[[ Input material open ]]
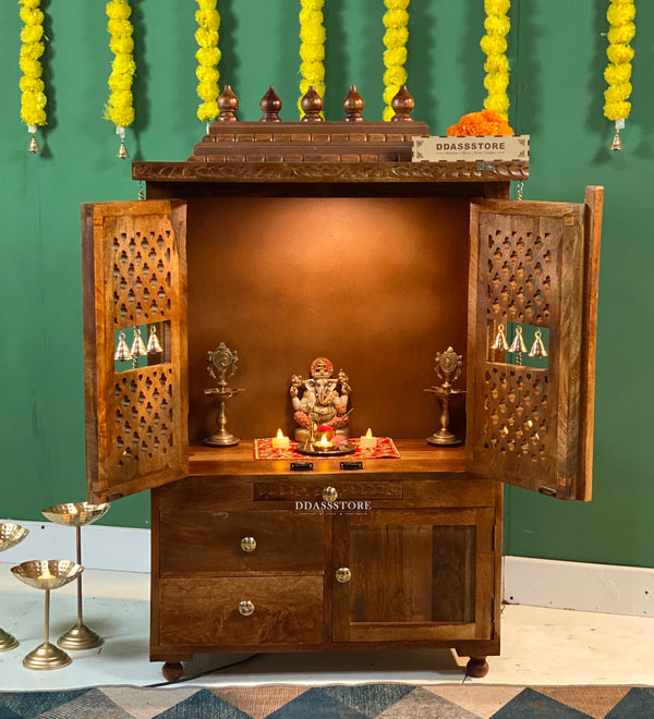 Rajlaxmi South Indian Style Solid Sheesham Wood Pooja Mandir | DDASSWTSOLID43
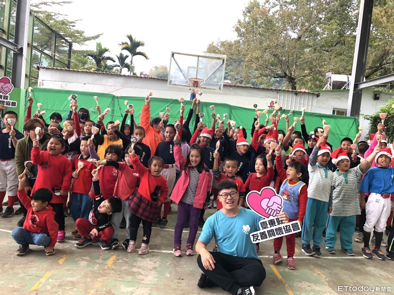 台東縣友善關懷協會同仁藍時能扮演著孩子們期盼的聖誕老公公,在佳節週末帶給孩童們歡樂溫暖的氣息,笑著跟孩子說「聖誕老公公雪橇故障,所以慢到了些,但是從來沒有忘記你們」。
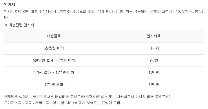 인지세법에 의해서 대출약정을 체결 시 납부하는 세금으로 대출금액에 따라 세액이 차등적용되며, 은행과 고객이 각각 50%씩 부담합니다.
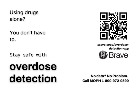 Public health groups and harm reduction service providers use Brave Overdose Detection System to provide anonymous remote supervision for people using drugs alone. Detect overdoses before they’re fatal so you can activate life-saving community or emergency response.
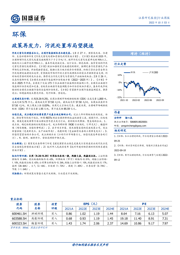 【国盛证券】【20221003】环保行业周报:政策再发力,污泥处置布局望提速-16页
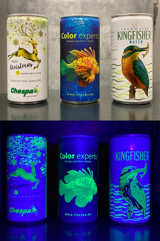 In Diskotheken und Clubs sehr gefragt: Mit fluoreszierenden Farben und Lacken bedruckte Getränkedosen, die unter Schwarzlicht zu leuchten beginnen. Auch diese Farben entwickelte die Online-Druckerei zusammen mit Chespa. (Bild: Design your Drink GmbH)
[[ Input material closed ]]
[[ Input material open ]]
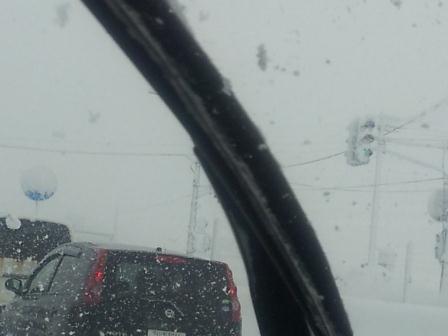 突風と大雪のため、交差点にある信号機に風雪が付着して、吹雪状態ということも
[[ Input material closed ]]
[[ Input material open ]]
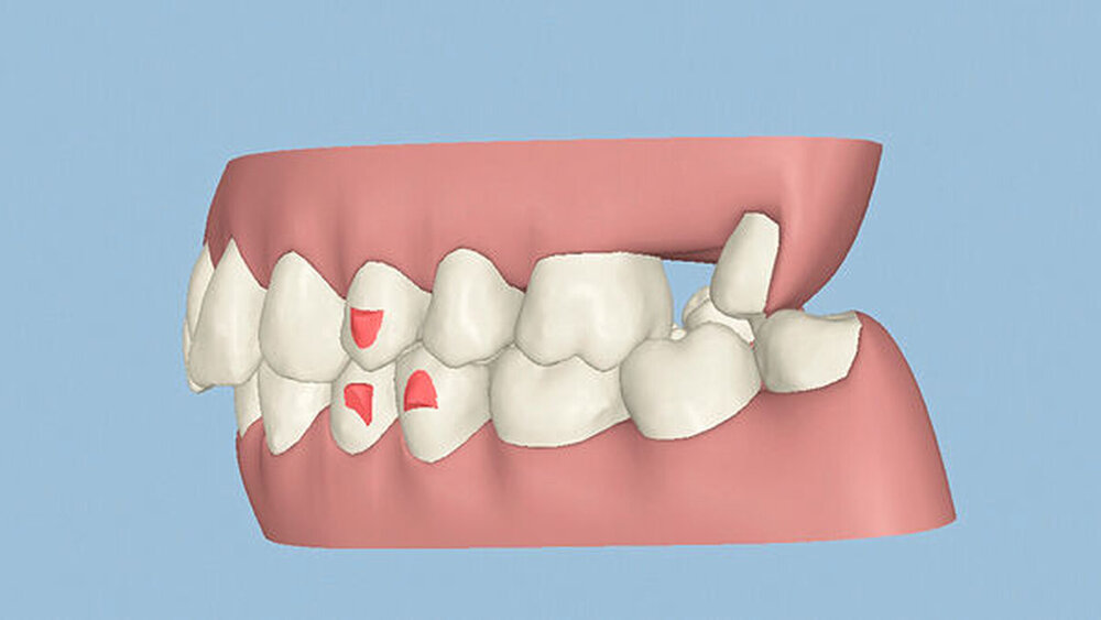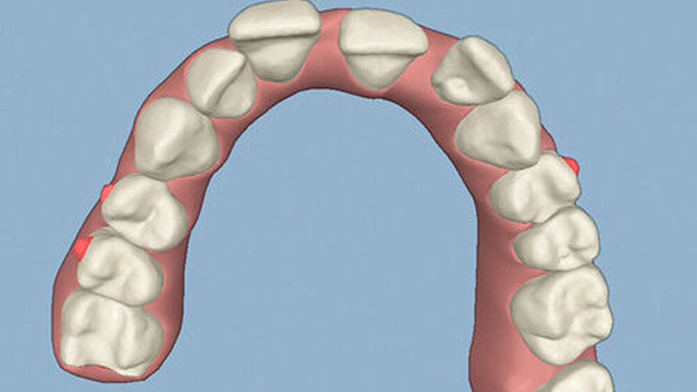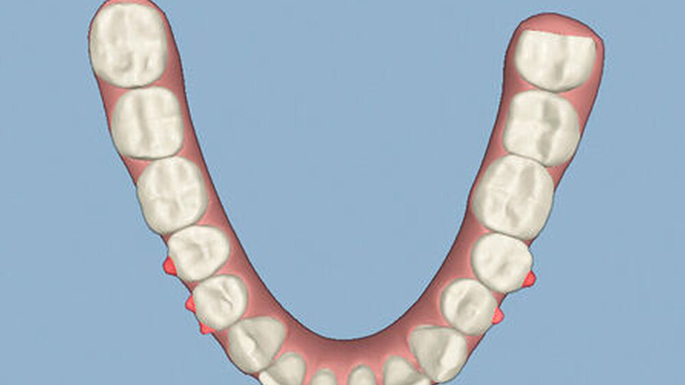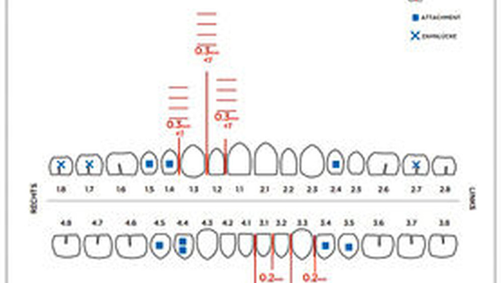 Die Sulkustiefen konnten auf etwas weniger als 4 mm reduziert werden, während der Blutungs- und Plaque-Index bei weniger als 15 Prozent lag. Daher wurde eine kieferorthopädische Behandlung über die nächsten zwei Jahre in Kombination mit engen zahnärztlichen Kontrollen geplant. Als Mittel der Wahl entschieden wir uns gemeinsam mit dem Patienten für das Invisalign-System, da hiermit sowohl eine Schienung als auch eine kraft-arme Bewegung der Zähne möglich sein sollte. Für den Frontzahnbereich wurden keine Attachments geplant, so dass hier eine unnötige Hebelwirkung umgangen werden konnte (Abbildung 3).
[[ Input material closed ]]
| Work order |
Repeat, without pictures, exactly the lines of the data above from the one containing "台東縣友善關懷協會同仁藍時能" through the one containing "In Diskotheken und", including both and adding nothing.

| Result of the exercise |
 台東縣友善關懷協會同仁藍時能扮演著孩子們期盼的聖誕老公公,在佳節週末帶給孩童們歡樂溫暖的氣息,笑著跟孩子說「聖誕老公公雪橇故障,所以慢到了些,但是從來沒有忘記你們」。
 인지세법에 의해서 대출약정을 체결 시 납부하는 세금으로 대출금액에 따라 세액이 차등적용되며, 은행과 고객이 각각 50%씩 부담합니다.
 Public health groups and harm reduction service providers use Brave Overdose Detection System to provide anonymous remote supervision for people using drugs alone. Detect overdoses before they’re fatal so you can activate life-saving community or emergency response.
 【国盛证券】【20221003】环保行业周报:政策再发力,污泥处置布局望提速-16页
 In Diskotheken und Clubs sehr gefragt: Mit fluoreszierenden Farben und Lacken bedruckte Getränkedosen, die unter Schwarzlicht zu leuchten beginnen. Auch diese Farben entwickelte die Online-Druckerei zusammen mit Chespa. (Bild: Design your Drink GmbH)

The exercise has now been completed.